The Hilbert transform on $ℝ$

Let $A_{ϵ}=\{x\in ℝ:|x|\ge ϵ\}$. For $f\in {\bigcap }_{ϵ>0}{L}^1(A_{ϵ})$, if ${\int }_{A_{ϵ}}f(x)𝑑x$ has a limit as $ϵ\to 0$, we denote it by

$$PV{\int }_{ℝ}f(x)𝑑x=\underset{ϵ\to 0}{lim}{\int }_{|x|\ge ϵ}f(x)𝑑x.$$

Let $𝒮$ be the collection of Schwartz functions $ℝ\to ℂ$ and let ${𝒮}^{\prime }$ be its dual space, whose elements are called tempered distributions.

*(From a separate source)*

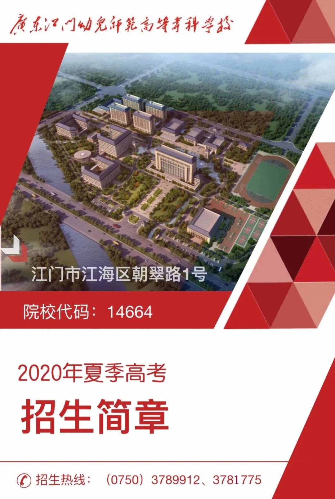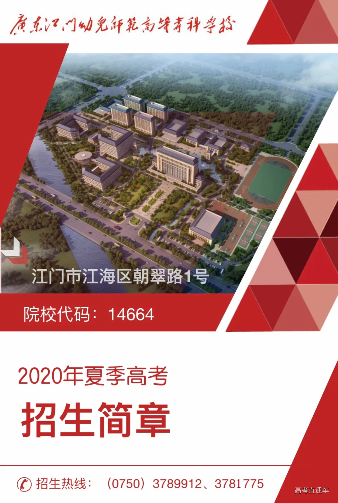 学校简介 广东江门幼儿师范高等专科学校是江门市人民政府举办、广东省人民政府批准、国家教育部备案的一所全日制公立普通高等学校, 是珠江三角洲地区唯一一所幼儿师范高等专科学校。 学校坐落于粤港澳大湾区的中国第一侨乡江门市江海区朝翠路1号,占地面积300亩,毗邻龙溪湖公园,空气清新,风景优美,交通便利。学校按7500人规模设计,初期办学规模3000人,纸质图书16余万册,科研仪器设备完善,信息化程度高。现开设有学前教育、音乐教育、美术教育、舞蹈教育、体育教育、英语教育等六个专业,建有各类实训室324个,配备直属幼儿园1所,校外见实习基地54个,可以满足各专业学生实践实训教学需求。 学校立足粤港澳大湾区,服务“一带一路”人才战略,专业优势突出,学、研特色鲜明,正朝着“将学校建设成为能提供示范作用的幼儿师范高等专科学校”的奋斗目标迈进。 办学理念 | 仁爱 博雅 力行 创新 校训 | 厚德 笃学 崇教 有为 奖学助学 4.广东省家庭经济困难新生资助: 学生本人及其家庭所能筹集到的资金难以支付学费,可附上相关部门证明进行申请。每生最高不超过6000元。 招生计划 学校根据社会对教育人才的需要,2020年夏季高考招收学前教育、音乐教育、美术教育、舞蹈教育、体育教育、英语教育师范类专业共6个,计划招生共732人。各专业招生计划如下表: 费用标准 交通指南 ■ 自驾车的,可导航至“江门高新区龙溪湖公园”即可到江门幼高专学校。 专业介绍 学前教育 培养目标 培养具有坚定的政治信念,德、智、体、美、劳全面发展,具有良好的师德、科学人文素养,较强的创新意识、创新精神和专业能力,适应学前教育发展需要的高素质专门人才。 主干课程 学前儿童卫生与保健、学前儿童发展心理学、学前教育学、幼儿园教育活动设计与指导、幼儿游戏与指导、幼儿园课程概论、幼儿园班级管理、幼儿园教育环境创设等。 音乐教育 培养目标 培养具有坚定的政治信念,德、智、体、美、劳全面发展,适应音乐教育发展需要,具有良好的师德、科学人文素养,较强的创新意识、专业能力和创新精神的需要的高素质专科层次音乐教育专门人才。 主干课程 声乐、合唱指挥与排练、中外音乐简史与名作欣赏、钢琴即兴伴奏与歌曲弹唱、儿童节奏乐与创编、儿童音乐理论与教学、舞蹈、儿童音乐剧与舞台实践。 美术教育 培养目标 培养具有坚定的政治信念,德、智、体、美、劳全面发展,适应美术教育发展需要,具有良好的师德、科学人文素养,较强的创新意识、专业能力和创新精神的需要的高素质专科层次美术教育专门人才。 主干课程 中国画基础与创作、版画基础与创作、平面设计与应用、插画艺术设计、幼儿园环境设计、毕业创作。 体育教育 培养目标 本专业培养思想政治坚定,德智体美劳全面发展,能适应儿童体育教育发展需要,具有良好思想素质、职业道德、较强的现代意识、专业能力和创新精神的高素质专科层次学前体育教育专门人才。 主干课程 体育概论、学前教育学、运动生理学、儿童发展与教育心理学、体育保健学、幼儿健康测量与评价、篮球、足球、健美操、武术等。 英语教育 培养目标 本专业培养思想政治坚定,德智体美劳全面发展,能适应儿童英语语言教育发展需要,具有良好思想素质、职业道德、较强的现代意识、专业能力和创新精神的高素质专科层次学前英语教育专门人才。 主干课程 英语语音、英语语法、英语精读、英语泛读、听力、口语、翻译、写作、英语教学法、大学语文、计算机、大学体育、舞蹈、音乐、美术、政治理论课、职业生涯规划、就业与创业指导,心理健康教育、学前教学理论与实践、教育学、心理学、现代教育技术等。

For $\varphi \in 𝒮$, for $k>j$,

	$\left|{\displaystyle {\int }_{A_{1/j}}}{\displaystyle \frac{\varphi (x)}{x}}𝑑x-{\displaystyle {\int }_{A_{1/k}}}{\displaystyle \frac{\varphi (x)}{x}}𝑑x\right|$
		$={\parallel {\varphi }^{\prime }\parallel }_b\cdot \left({\displaystyle \frac{1}{j}}-{\displaystyle \frac{1}{k}}\right)$
		$={\parallel {\varphi }^{\prime }\parallel }_b\cdot {\displaystyle \frac{k-j}{kj}}$
		$\le {\displaystyle \frac{{\parallel {\varphi }^{\prime }\parallel }_b}{j}}.$

Therefore ${\int }_{A_{1/j}}\frac{\varphi (x)}{x}𝑑x$ is a Cauchy sequence in $ℂ$ and hence converges. Then the following limit exists:

$$⟨\varphi ,W⟩=PV{\int }_{ℝ}\frac{\varphi (x)}{x}𝑑x=\underset{ϵ\to 0}{lim}{\int }_{|x|\ge ϵ}\frac{\varphi (x)}{x}𝑑x.$$

It is apparent that $W:𝒮\to ℂ$ is linear, and one proves that $W\in {𝒮}^{\prime }$.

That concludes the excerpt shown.